# PROBLEM DESCRIPTION
The entries should be given again so that each one matches the original exactly.

━━━ DATA SHOWN ━━━

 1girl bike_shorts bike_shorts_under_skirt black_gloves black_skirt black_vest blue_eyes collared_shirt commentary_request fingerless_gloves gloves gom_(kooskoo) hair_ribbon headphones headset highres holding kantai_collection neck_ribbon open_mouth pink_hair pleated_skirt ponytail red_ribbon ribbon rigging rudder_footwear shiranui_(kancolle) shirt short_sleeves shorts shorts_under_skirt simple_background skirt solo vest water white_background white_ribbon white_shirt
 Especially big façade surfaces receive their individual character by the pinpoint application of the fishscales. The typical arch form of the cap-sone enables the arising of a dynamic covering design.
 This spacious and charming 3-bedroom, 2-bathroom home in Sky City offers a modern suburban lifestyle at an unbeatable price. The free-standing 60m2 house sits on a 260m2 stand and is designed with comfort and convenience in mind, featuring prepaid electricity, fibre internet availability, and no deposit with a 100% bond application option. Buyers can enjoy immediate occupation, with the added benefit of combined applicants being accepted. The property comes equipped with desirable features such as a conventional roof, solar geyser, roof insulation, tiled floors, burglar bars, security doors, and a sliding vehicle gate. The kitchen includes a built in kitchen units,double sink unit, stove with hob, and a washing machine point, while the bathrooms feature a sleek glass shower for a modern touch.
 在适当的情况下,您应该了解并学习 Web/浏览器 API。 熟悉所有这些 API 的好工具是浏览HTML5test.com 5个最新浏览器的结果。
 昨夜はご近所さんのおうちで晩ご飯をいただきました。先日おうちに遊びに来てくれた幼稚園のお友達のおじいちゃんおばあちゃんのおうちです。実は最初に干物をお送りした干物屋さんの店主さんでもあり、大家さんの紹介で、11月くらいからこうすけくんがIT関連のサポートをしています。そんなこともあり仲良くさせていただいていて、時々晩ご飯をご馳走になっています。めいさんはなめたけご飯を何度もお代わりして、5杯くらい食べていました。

━━━

# WRITTEN REPLY
 1girl bike_shorts bike_shorts_under_skirt black_gloves black_skirt black_vest blue_eyes collared_shirt commentary_request fingerless_gloves gloves gom_(kooskoo) hair_ribbon headphones headset highres holding kantai_collection neck_ribbon open_mouth pink_hair pleated_skirt ponytail red_ribbon ribbon rigging rudder_footwear shiranui_(kancolle) shirt short_sleeves shorts shorts_under_skirt simple_background skirt solo vest water white_background white_ribbon white_shirt
 Especially big façade surfaces receive their individual character by the pinpoint application of the fishscales. The typical arch form of the cap-sone enables the arising of a dynamic covering design.
 This spacious and charming 3-bedroom, 2-bathroom home in Sky City offers a modern suburban lifestyle at an unbeatable price. The free-standing 60m2 house sits on a 260m2 stand and is designed with comfort and convenience in mind, featuring prepaid electricity, fibre internet availability, and no deposit with a 100% bond application option. Buyers can enjoy immediate occupation, with the added benefit of combined applicants being accepted. The property comes equipped with desirable features such as a conventional roof, solar geyser, roof insulation, tiled floors, burglar bars, security doors, and a sliding vehicle gate. The kitchen includes a built in kitchen units,double sink unit, stove with hob, and a washing machine point, while the bathrooms feature a sleek glass shower for a modern touch.
 在适当的情况下,您应该了解并学习 Web/浏览器 API。 熟悉所有这些 API 的好工具是浏览HTML5test.com 5个最新浏览器的结果。
 昨夜はご近所さんのおうちで晩ご飯をいただきました。先日おうちに遊びに来てくれた幼稚園のお友達のおじいちゃんおばあちゃんのおうちです。実は最初に干物をお送りした干物屋さんの店主さんでもあり、大家さんの紹介で、11月くらいからこうすけくんがIT関連のサポートをしています。そんなこともあり仲良くさせていただいていて、時々晩ご飯をご馳走になっています。めいさんはなめたけご飯を何度もお代わりして、5杯くらい食べていました。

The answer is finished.